GIVEN DATA -
⟨
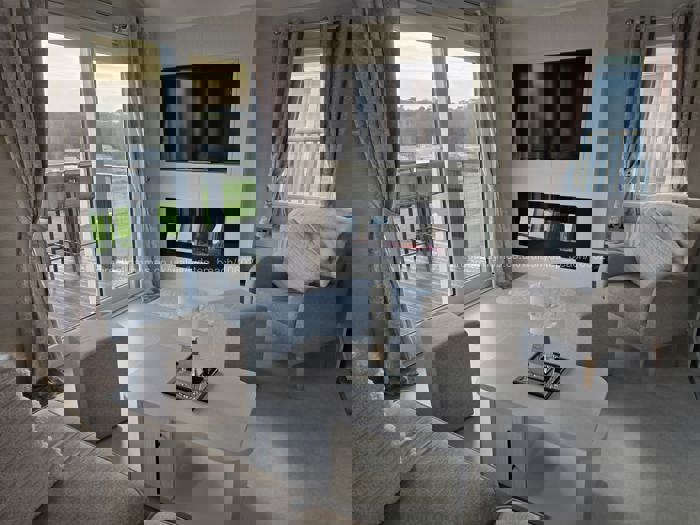 This spacious, 14 x 42ft, double glazed and central heated caravan, is south-facing and situated in a prime, peaceful location.
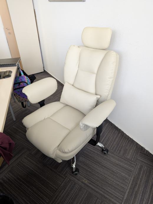 Ergonomska uredska fotelja, nosivost do 200 kg, u bež boji.
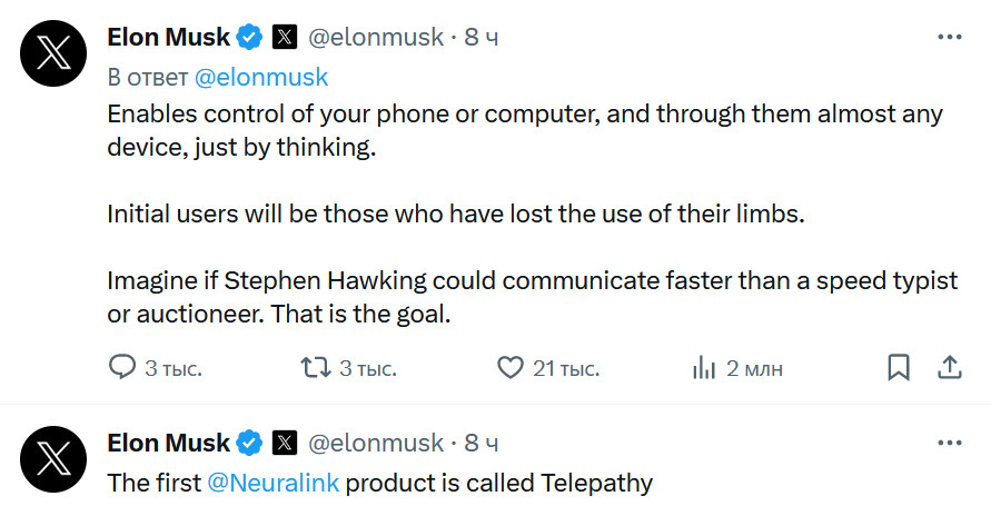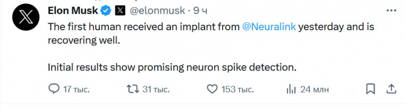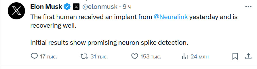 Илон Маск, основатель и владелец компании Neuralink, написал в своем Твиттере о том, что первый чип этой компании вживлен человеку. Эти чипы, по словам Маска, должны позволить парализованным людям управлять своими устройствами.
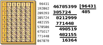 Division is performed in a similar fashion. To divide 46785399 by 96431, the bars for the divisor (96431) are placed on the board, as shown in the graphic below. Using the abacus, all the products of the divisor from 1 to 9 are found by reading the displayed numbers. Note that the dividend has eight digits, whereas the partial products (save for the first one) all have six. So the final two digits of 46785399, namely the '99', are temporarily ignored, leaving the number 467853. Then, the greatest partial product that is less than the truncated dividend is found. In this case, 385724. Two things must be marked down, as seen in the diagram: since 385724 is in the '4' row of the abacus, a '4' is marked down as the left-most digit of the quotient; the partial product, left-aligned, under the original dividend, is also written. The two terms are subtracted, which leaves 8212999. The same steps are repeated: the number is truncated to six digits, the partial product immediately less than the truncated number is chosen, the row number is written as the next digit of the quotient, and the partial product is subtracted from the difference found in the first repetition. The process is shown in the diagram. The cycle is repeated until the result of subtraction is less than the divisor. The number left is the remainder.
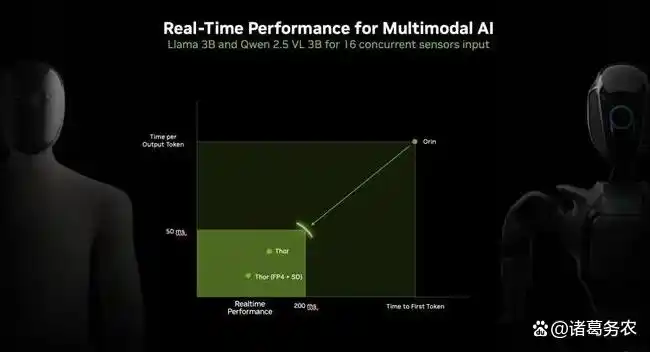 2025年8月新发布的Thor则带来了性能飞跃。其AI算力在FP4精度下高达2070 TFLOPS,搭载Blackwell架构GPU和14核Arm Neoverse-V3AE CPU,并配备128GB显存。这使得它能够原生支持并高效运行多模态大模型(如VLA, LLM, VLM),为人形机器人提供更强大的自主推理和交互能力。
⟩
WORK REQUEST -
Repeat each of the records exactly as written, except for the pictures, which are to be left out.

ANSWER TO THE PROBLEM -
 This spacious, 14 x 42ft, double glazed and central heated caravan, is south-facing and situated in a prime, peaceful location.
 Ergonomska uredska fotelja, nosivost do 200 kg, u bež boji.
 Илон Маск, основатель и владелец компании Neuralink, написал в своем Твиттере о том, что первый чип этой компании вживлен человеку. Эти чипы, по словам Маска, должны позволить парализованным людям управлять своими устройствами.
 Division is performed in a similar fashion. To divide 46785399 by 96431, the bars for the divisor (96431) are placed on the board, as shown in the graphic below. Using the abacus, all the products of the divisor from 1 to 9 are found by reading the displayed numbers. Note that the dividend has eight digits, whereas the partial products (save for the first one) all have six. So the final two digits of 46785399, namely the '99', are temporarily ignored, leaving the number 467853. Then, the greatest partial product that is less than the truncated dividend is found. In this case, 385724. Two things must be marked down, as seen in the diagram: since 385724 is in the '4' row of the abacus, a '4' is marked down as the left-most digit of the quotient; the partial product, left-aligned, under the original dividend, is also written. The two terms are subtracted, which leaves 8212999. The same steps are repeated: the number is truncated to six digits, the partial product immediately less than the truncated number is chosen, the row number is written as the next digit of the quotient, and the partial product is subtracted from the difference found in the first repetition. The process is shown in the diagram. The cycle is repeated until the result of subtraction is less than the divisor. The number left is the remainder.
 2025年8月新发布的Thor则带来了性能飞跃。其AI算力在FP4精度下高达2070 TFLOPS,搭载Blackwell架构GPU和14核Arm Neoverse-V3AE CPU,并配备128GB显存。这使得它能够原生支持并高效运行多模态大模型(如VLA, LLM, VLM),为人形机器人提供更强大的自主推理和交互能力。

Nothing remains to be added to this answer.